[Start of Attachment]

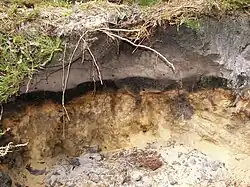 By cutting the turf the regenerative capacity of the soils was exhausted. The regular removal of the top layer of soil contributed to the spreading of heathland. As heather decomposes, the pH value of the soil falls drastically, as far as the iron buffer-region at pH 3, which initiates the process of podsolisation. Soil life is severely damaged, which results in a hard layer of earth underneath the root zone on the heath at a depth of about 40 centimetres (16 in). The iron and humus particles released by the topsoil precipitate onto this impervious hardpan. The subsoil thus separates itself from the topsoil. The nutrients are largely washed out of the topsoil which leads to leaching and causes the typical grey-white coloration of the paths on the heath.
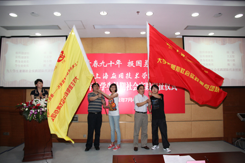 仪式上,组织部部长田钦、宣传部部长王志坚、学生处处长熊焰、教务处副处长肖立中分别为“三下乡”、“知行杯”、“历史保护建筑巡礼”、其他类共4类实践团队代表授旗。外地实践团带队教师代表范文蓓和校团委签订《安全责任书》。学生代表、带队老师代表作了交流发言。
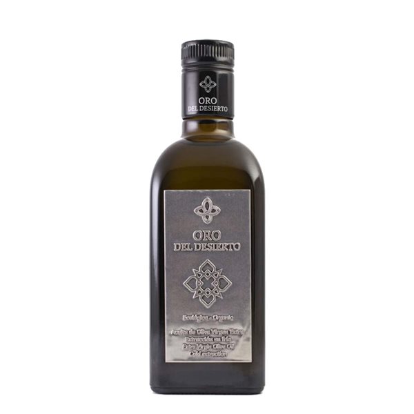 Oro del Desierto Picual 500ml is an organic extra virgin olive oil of limited production, made exclusively with Picual olives harvested at early veraison on the "El Vicario" estate, located in the Desierto de Tabernas (Almería). The olive groves are between 15 and 30 years old, planted in 7 x 5 m frames, with deficit drip irrigation and thicker clay soils with abundant stones in the central area.

[End of Attachment]

> [WORK ORDER]
Please write out all the data again word for word, but not the pictures.

> [TASK SOLUTION]
 By cutting the turf the regenerative capacity of the soils was exhausted. The regular removal of the top layer of soil contributed to the spreading of heathland. As heather decomposes, the pH value of the soil falls drastically, as far as the iron buffer-region at pH 3, which initiates the process of podsolisation. Soil life is severely damaged, which results in a hard layer of earth underneath the root zone on the heath at a depth of about 40 centimetres (16 in). The iron and humus particles released by the topsoil precipitate onto this impervious hardpan. The subsoil thus separates itself from the topsoil. The nutrients are largely washed out of the topsoil which leads to leaching and causes the typical grey-white coloration of the paths on the heath.
 仪式上,组织部部长田钦、宣传部部长王志坚、学生处处长熊焰、教务处副处长肖立中分别为“三下乡”、“知行杯”、“历史保护建筑巡礼”、其他类共4类实践团队代表授旗。外地实践团带队教师代表范文蓓和校团委签订《安全责任书》。学生代表、带队老师代表作了交流发言。
 Oro del Desierto Picual 500ml is an organic extra virgin olive oil of limited production, made exclusively with Picual olives harvested at early veraison on the "El Vicario" estate, located in the Desierto de Tabernas (Almería). The olive groves are between 15 and 30 years old, planted in 7 x 5 m frames, with deficit drip irrigation and thicker clay soils with abundant stones in the central area.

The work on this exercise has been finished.